# Looking for a Good Poetry Journal...



## Achilles (Sep 7, 2005)

Yep. To become a better poet I figure I need to read good poetry. From this century, that is.

So what are some good poetry journals (preferable monthly) that I could subscribe to? If not monthly, then at least something more than once or twice a year--I need to read more than that...

Share your favorite, or suggest one you like.


----------



## Stewart (Sep 7, 2005)

Why are you limiting yourself to poetry from this century? 2000 to 2005 isn't much scope for learning from.

I don't know any journals in America but I'd suggest visiting bookshops with good magazine sections; these typically feature publications on the creative arts.

However, buy collections of poetry by many different authors and read older poets as their adherence to form is amazing. Try international poets, translated poets, etc. 

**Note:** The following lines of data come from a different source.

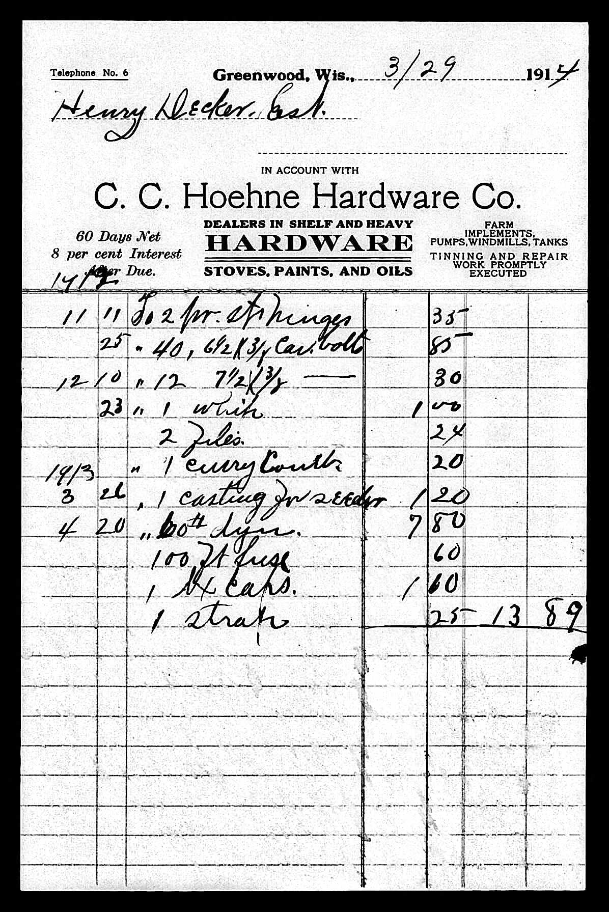 The bill from C. C. Hoehne Hardware Co. was filed as part of Henry Decker's Estate in 1913. C. C. Hoehne's was located on the north end of Main Street in Greenwood, Wisconsin. Even in the 1960's, if you needed something special, Hoehne's probably had it somewhere in their store.
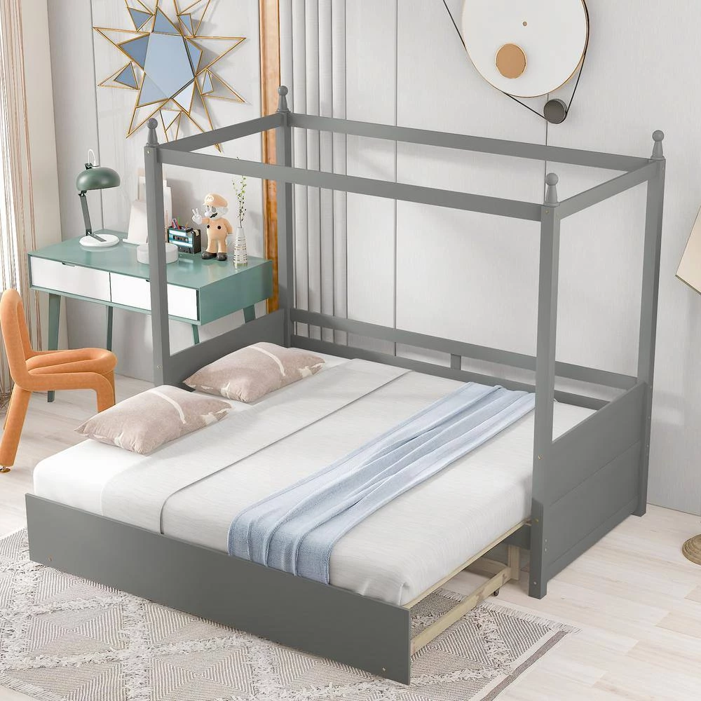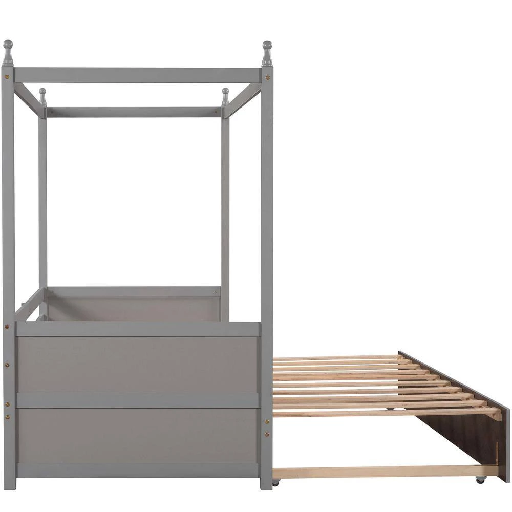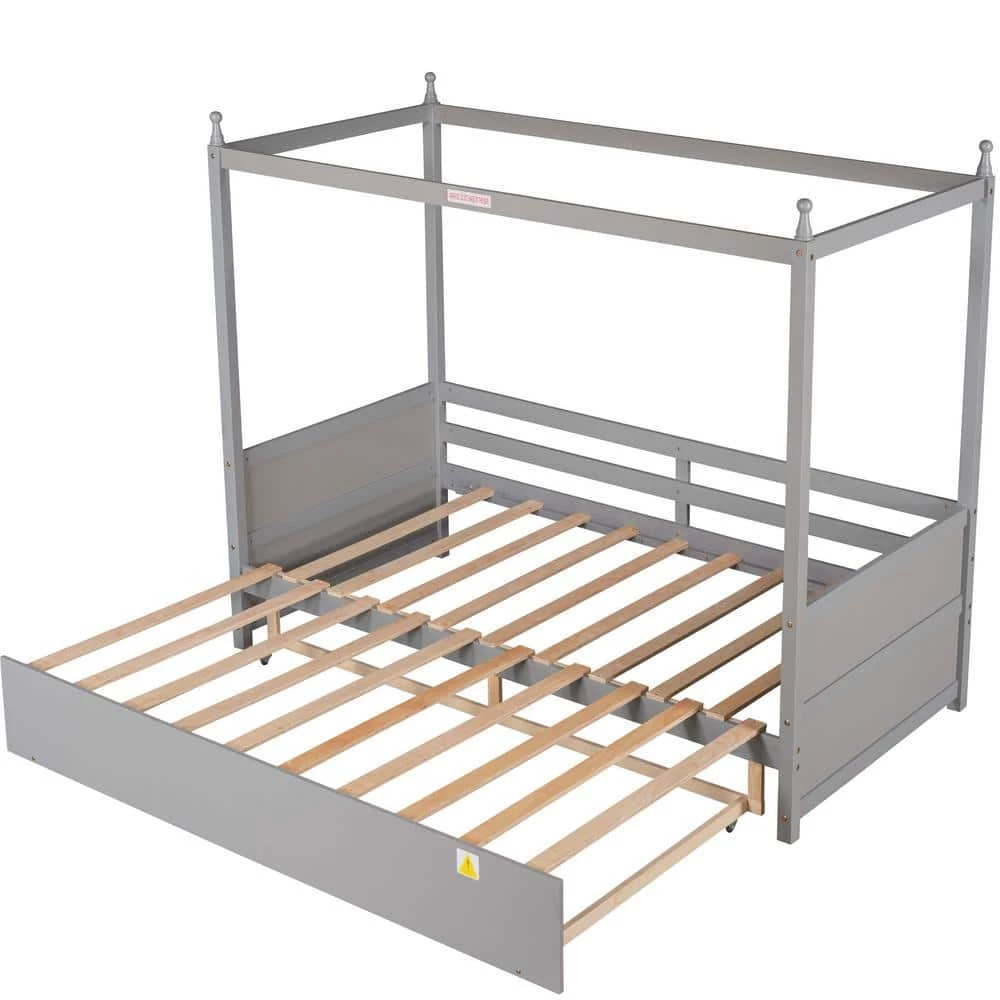 Give you the freedom to host friends in your own space with this versatile twin sized daybed, featuring a rolling design to become a double twin size bed. Crafted from pine wood and MDF, this clean lined design features an canopy frame with headboard and footboard for a hint of warmth. Thanks to this piece’s neutral tones, it’s sure to blend easily with any color palette your picks.
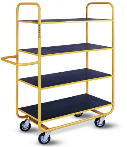 Wózki cztero-półkowe przeznaczone są do transportu i konfekcjonowania towarów. Wózek może także służyć jako regał mobilny. Konstrukcja metalowa wykonana jest z rur stalowych malowanych lakierem proszkowym. Półki wykonane są z gładkiej lub antypoślizgowej sklejki. Udźwig każdej półki 100 kg. Standardowo montowane są dwa koła skrętne i dwa stałe.
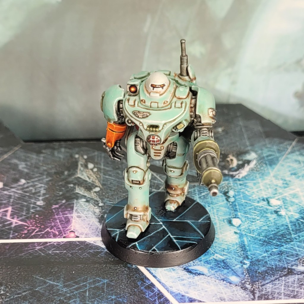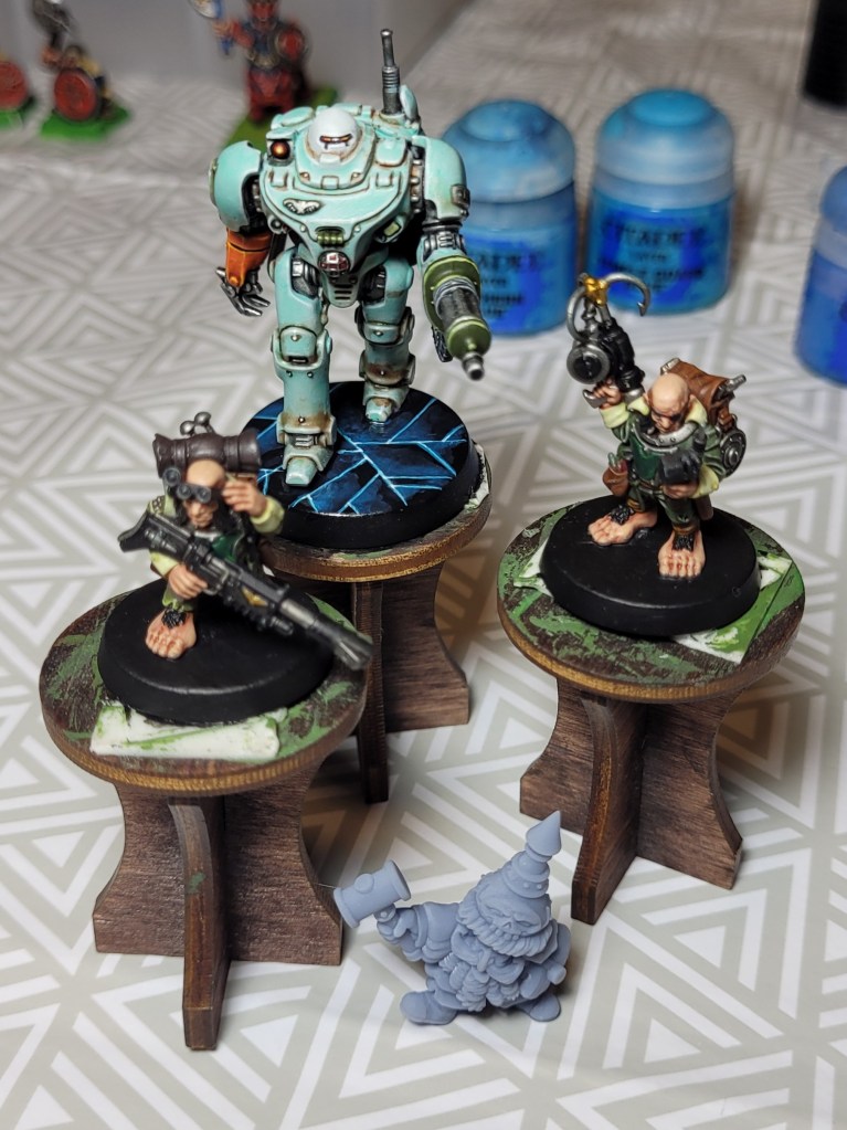 I started Rein and Raus and UR-025 a few weeks after I got the Blackstone Fortress set in 2018/2019. I managed to get the base colours down, being particularly happy with the light, 1950’s appliance style blue on the robot, before the variety of details, textures and colours on each of them hammered me into a decision paralysis that I never recovered from, leaving them unfinished. What colour should I paint this 2mm apple? Red? Green? Red with a green patch? Yellow, like a Golden Delicious? Is it a Granny Smith? What colour is bread 38,000 years in the future? Bread coloured? Is that Snakebite Leather? A fuck it, I’ll just play videogames instead.

A few I like are Robert Frost, Robert Browning, Robert Burns, and Edwin Morgan; the latter being, of course, the only one still living.


----------



## Achilles (Sep 7, 2005)

> Why are you limiting yourself to poetry from this century? 2000 to 2005 isn't much scope for learning from.


I've been studying older poets quite extensively. There is certainly nothing wrong with older poets, it's just thay I'm a little bit tired of them...

I, too,  like Robert Frost and Robert Burns.


----------



## Stewart (Sep 7, 2005)

If you can find any Edwin Morgan, you may appreciate him. He covers an excellent range including free verse, sonnets, and the more postmodern techniques of concrete poetry.


----------



## Achilles (Sep 9, 2005)

In what periodical publications might I find writers like him?


----------



## Stewart (Sep 9, 2005)

I have no idea as I don't read poetry journals; you can buy his collected verse on Amazon though.


----------



## fastkilr (Sep 27, 2005)

I love buying collections from various authors every once in a while. Try it.


----------



## Stacy (Nov 5, 2005)

Try some of the more respected literary journals -The Paris Review, Tin House, The Antioch Review, etc.  These do fiction as well as poetry, but they would have the best poetry of our age.  Or you could go to something like the 2005 "Best American Poetry" anthology.

Don't neglect the online literary journals either.  Webdelsol.com has some listings of the most prestigious online journals.  

Happy shopping!


----------